Si fa fatica a comprendere come mondi così distanti possano convivere nello stesso partito. Giachetti rinfaccia a D’Alema i lavori della Bicamerale che “davano al Presidente del Consiglio poteri enormi anche per un sistema semipresidenziale mentre la nostra riforma riduce i poteri del premier”.
Il lider Maximo non è d’accordo: “Con l’indicazione del presidente del Consiglio introdotta nella legge elettorale si cambia la forma di governo del Paese”.
Ed esprime forti perplessità sui capilista bloccati e sulle preferenze.
Giachetti si spazientisce: “Voi quando c’era il Mattarellum volevate le preferenze, quando c’erano le preferenze volevate il Mattarellum. Non si capisce mai cosa volete”.
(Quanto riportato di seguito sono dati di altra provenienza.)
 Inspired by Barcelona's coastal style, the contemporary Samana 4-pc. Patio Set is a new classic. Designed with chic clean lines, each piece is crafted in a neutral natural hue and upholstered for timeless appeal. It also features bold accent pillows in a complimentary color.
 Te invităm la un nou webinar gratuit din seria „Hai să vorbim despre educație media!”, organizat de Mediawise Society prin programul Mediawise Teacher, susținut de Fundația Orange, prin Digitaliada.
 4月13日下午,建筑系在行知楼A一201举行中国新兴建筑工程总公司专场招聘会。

“Guarda — dice D’Alema — che il Mattarellum noi lo abbiamo scritto, se l’obiettivo del tuo digiuno era l’Itaicum era meglio se mangiavi la porchetta”.
I due si provocano a vicenda. E sotto i gazebo è una bolgia: un sostenitore di D’Alema perde la calma e arriva quasi a ridosso del palco urlando contro Enrico Mentana che fa da moderatore del confronto: “Giachetti non può provocare sempre – grida — Mentana! Devi moderarlo! Hai capito?”.
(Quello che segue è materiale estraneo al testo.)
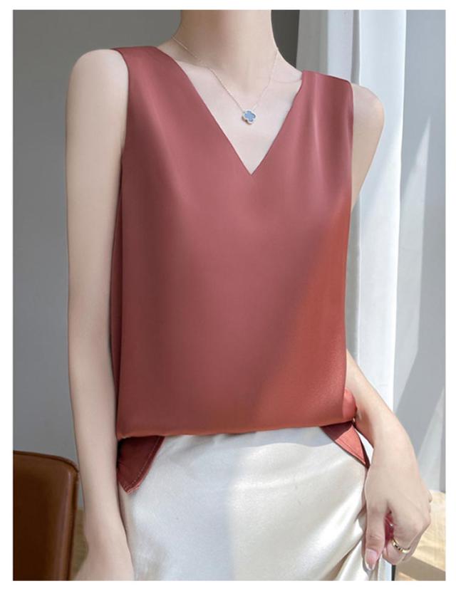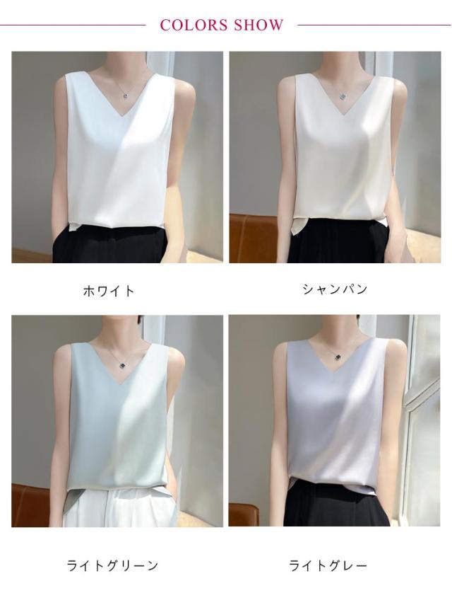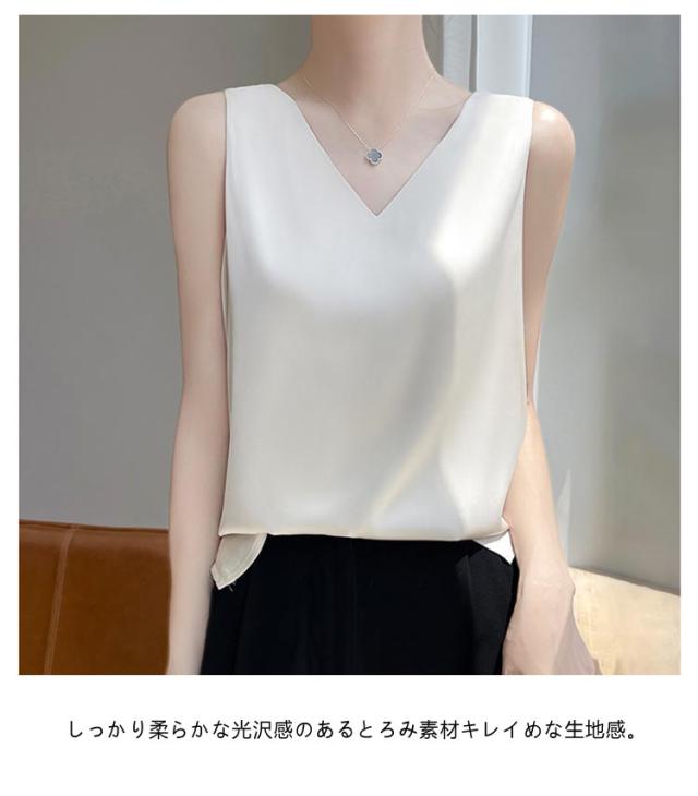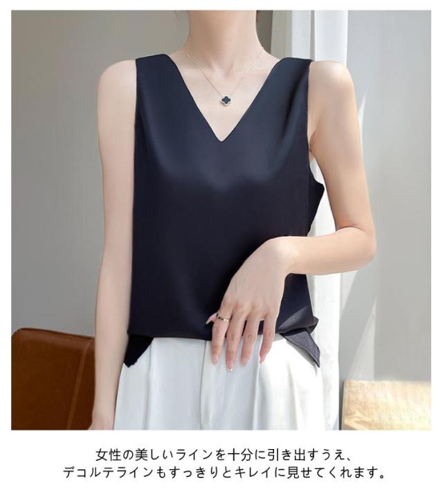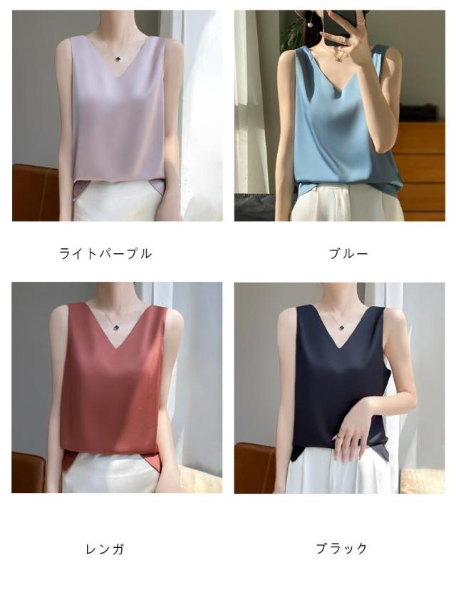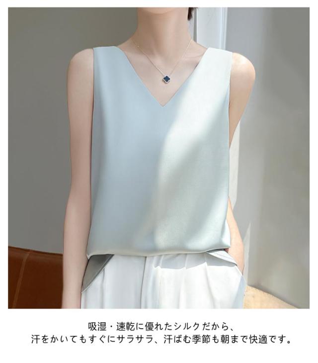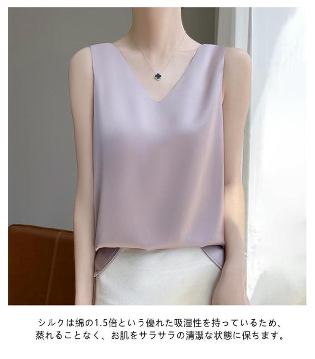 レディース シルク ゆったり キャミソール シャツブラウス タンクトップ インナー クルーネック 前後着用2WAY サテン 大きいサイズ トップス ノースリーブ ブラウス vネック シルクサテン ブラ紐隠し アンダーウェア 薄手 上品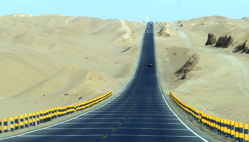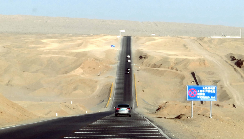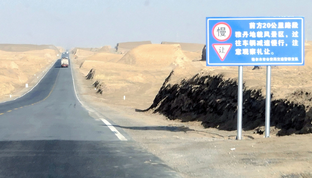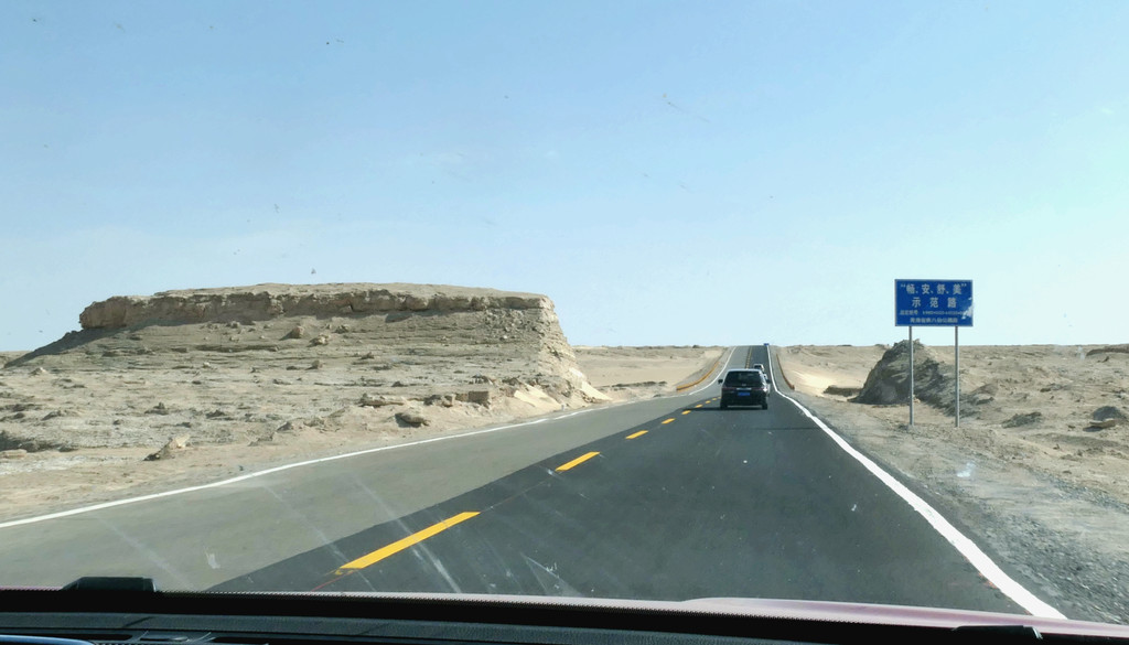 17:01驶经“涩北二号汽田”路口,这里是“涩格线”的起点,途径察尔汗盐湖通往格尔木。我们继续沿G315向东行驶,公路笔直穿越戈壁,地势忽高忽低,公路也随之起伏,于是就形成了“波浪公路”的景观。17:13看到公路交警提示:前方20公里是雅丹地貌景区,要求过往车辆慢行。然而,跟我们此前所经历过的几处雅丹相比,这片雅丹也并不见得有多好看。17:34驶经“瀚海”停车区,也还是仅见一座公厕而已。

Dall’altra parte della platea un militante grida come un forsennato: “Massimo, di’ qualcosa di sinistra! Dilla Massimo, ce la puoi fare!”.
Non si sa come, si arriva al momento degli appelli finali.
Giachetti elenca i punti di forza della legge costituzionale (“è una riforma che semplifica e permetterà alle istituzioni di lavorare meglio per i cittadini”).
Poi, all’ultimo secondo utile, sferra un “colpo basso”, tirando fuori il Patto della Crostata tra D’Alema e Berlusconi: l’accordo stipulato a casa di Gianni Letta per portare a termine i lavori della Bicamerale.
La folla perde la calma, ancora una volta. “Buffone!” e partono altri fischi. “Se questi sono i vostri argomenti allora voto No”, si sgola un militante.
Tocca a D’Alema: “Non ci fu nessun patto e non ci fu nessuna crostata”, ribatte al vicepresidente della Camera. Infine tira le somme: “L’insieme di queste riforme, quella costituzionale e quella elettorale, riduce la sovranità popolare”.
Cala il sipario sul confronto, i due esponenti del Pd scendono finalmente dal palco mentre i militanti si allontanano alla spicciolata.
Si formano dei capannelli qua e là e Giachetti e D’Alema vengono raggiunti dai rispettivi sostenitori. Non piove più, il clima si fa disteso.
E’ arrivato il momento di farsi selfie.